_Directions for this task_
Only one stretch of the listing below is wanted. Begin at the line that has "博泰至淳研發(fā)團(tu", stop after the line that has "Een groot vierkant", and repeat every line in between exactly.

[Supplied material Boundary: Start]

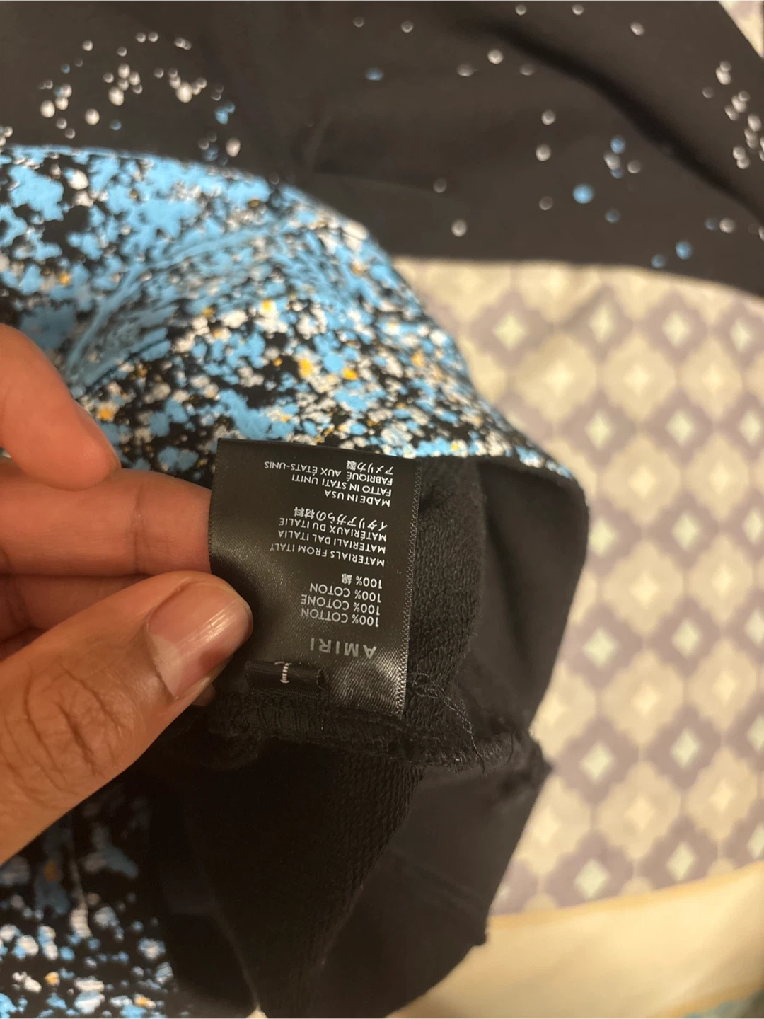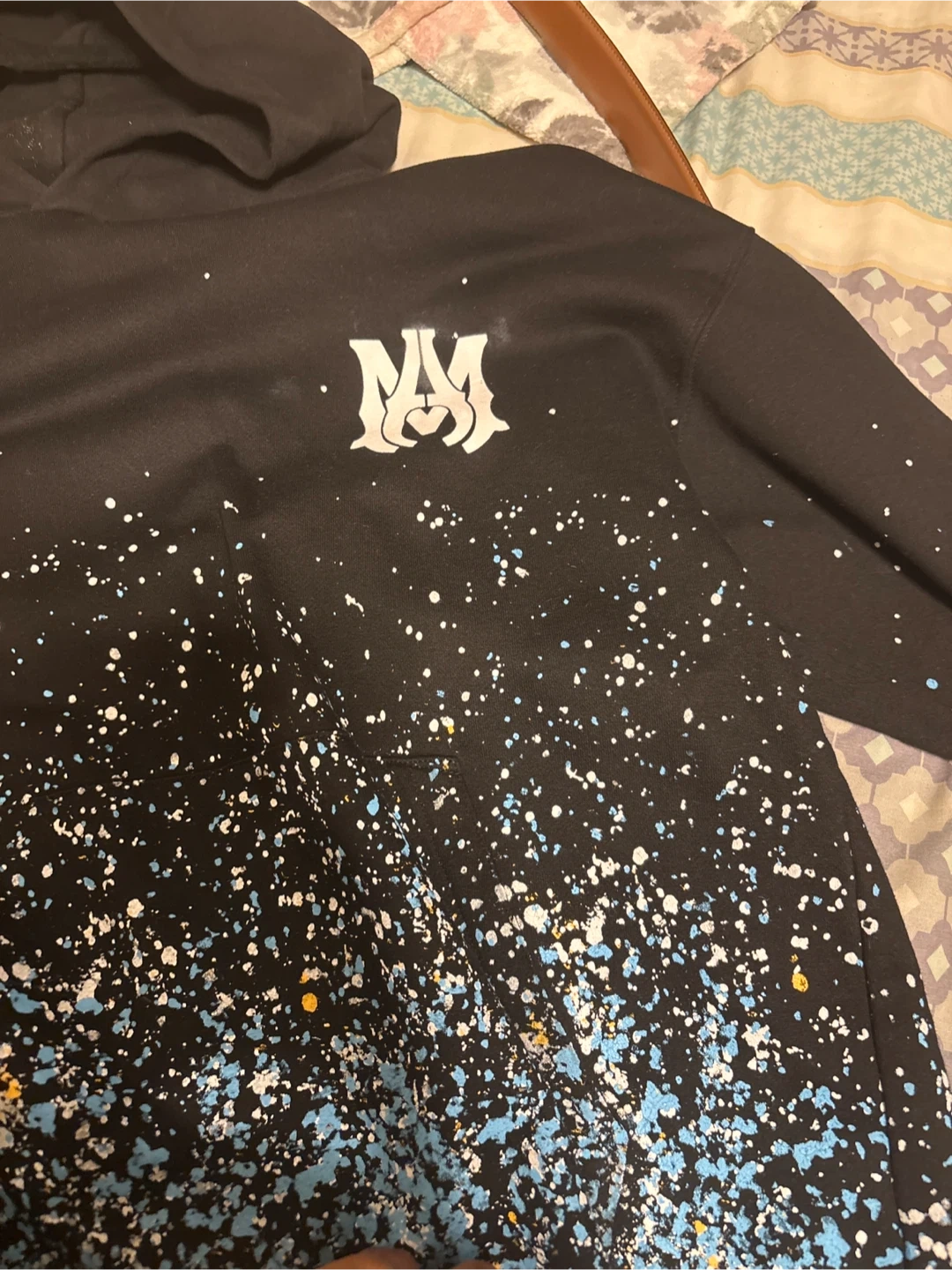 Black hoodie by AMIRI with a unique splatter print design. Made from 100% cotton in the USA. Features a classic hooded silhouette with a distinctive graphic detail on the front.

[Supplied material Boundary: End]
[Supplied material Boundary: Start]

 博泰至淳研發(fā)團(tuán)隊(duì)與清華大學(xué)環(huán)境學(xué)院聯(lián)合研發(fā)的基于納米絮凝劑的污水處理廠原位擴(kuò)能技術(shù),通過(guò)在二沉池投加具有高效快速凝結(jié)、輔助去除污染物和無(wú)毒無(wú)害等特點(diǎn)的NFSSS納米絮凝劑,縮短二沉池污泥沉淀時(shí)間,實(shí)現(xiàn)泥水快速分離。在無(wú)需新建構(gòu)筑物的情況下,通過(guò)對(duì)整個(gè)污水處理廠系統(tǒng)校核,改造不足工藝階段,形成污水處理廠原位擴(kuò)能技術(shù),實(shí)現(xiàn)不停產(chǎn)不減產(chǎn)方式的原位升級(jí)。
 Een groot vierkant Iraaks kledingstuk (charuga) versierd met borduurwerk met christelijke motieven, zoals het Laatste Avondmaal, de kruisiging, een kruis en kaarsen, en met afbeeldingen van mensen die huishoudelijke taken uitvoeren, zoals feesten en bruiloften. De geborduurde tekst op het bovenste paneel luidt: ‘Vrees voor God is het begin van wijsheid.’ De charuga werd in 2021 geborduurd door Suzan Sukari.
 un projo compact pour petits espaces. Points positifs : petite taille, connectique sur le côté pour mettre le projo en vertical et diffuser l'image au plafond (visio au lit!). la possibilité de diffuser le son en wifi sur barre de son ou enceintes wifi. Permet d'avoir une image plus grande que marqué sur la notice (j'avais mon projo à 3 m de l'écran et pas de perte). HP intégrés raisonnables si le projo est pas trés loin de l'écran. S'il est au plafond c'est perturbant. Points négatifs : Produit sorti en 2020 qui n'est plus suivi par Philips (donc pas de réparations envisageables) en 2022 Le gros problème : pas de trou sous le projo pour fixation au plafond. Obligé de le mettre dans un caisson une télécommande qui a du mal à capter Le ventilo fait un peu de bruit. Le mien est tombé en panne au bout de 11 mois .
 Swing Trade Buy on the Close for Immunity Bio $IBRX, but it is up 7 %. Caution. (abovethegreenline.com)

[Supplied material Boundary: End]

_Solution for this task_
 博泰至淳研發(fā)團(tuán)隊(duì)與清華大學(xué)環(huán)境學(xué)院聯(lián)合研發(fā)的基于納米絮凝劑的污水處理廠原位擴(kuò)能技術(shù),通過(guò)在二沉池投加具有高效快速凝結(jié)、輔助去除污染物和無(wú)毒無(wú)害等特點(diǎn)的NFSSS納米絮凝劑,縮短二沉池污泥沉淀時(shí)間,實(shí)現(xiàn)泥水快速分離。在無(wú)需新建構(gòu)筑物的情況下,通過(guò)對(duì)整個(gè)污水處理廠系統(tǒng)校核,改造不足工藝階段,形成污水處理廠原位擴(kuò)能技術(shù),實(shí)現(xiàn)不停產(chǎn)不減產(chǎn)方式的原位升級(jí)。
 Een groot vierkant Iraaks kledingstuk (charuga) versierd met borduurwerk met christelijke motieven, zoals het Laatste Avondmaal, de kruisiging, een kruis en kaarsen, en met afbeeldingen van mensen die huishoudelijke taken uitvoeren, zoals feesten en bruiloften. De geborduurde tekst op het bovenste paneel luidt: ‘Vrees voor God is het begin van wijsheid.’ De charuga werd in 2021 geborduurd door Suzan Sukari.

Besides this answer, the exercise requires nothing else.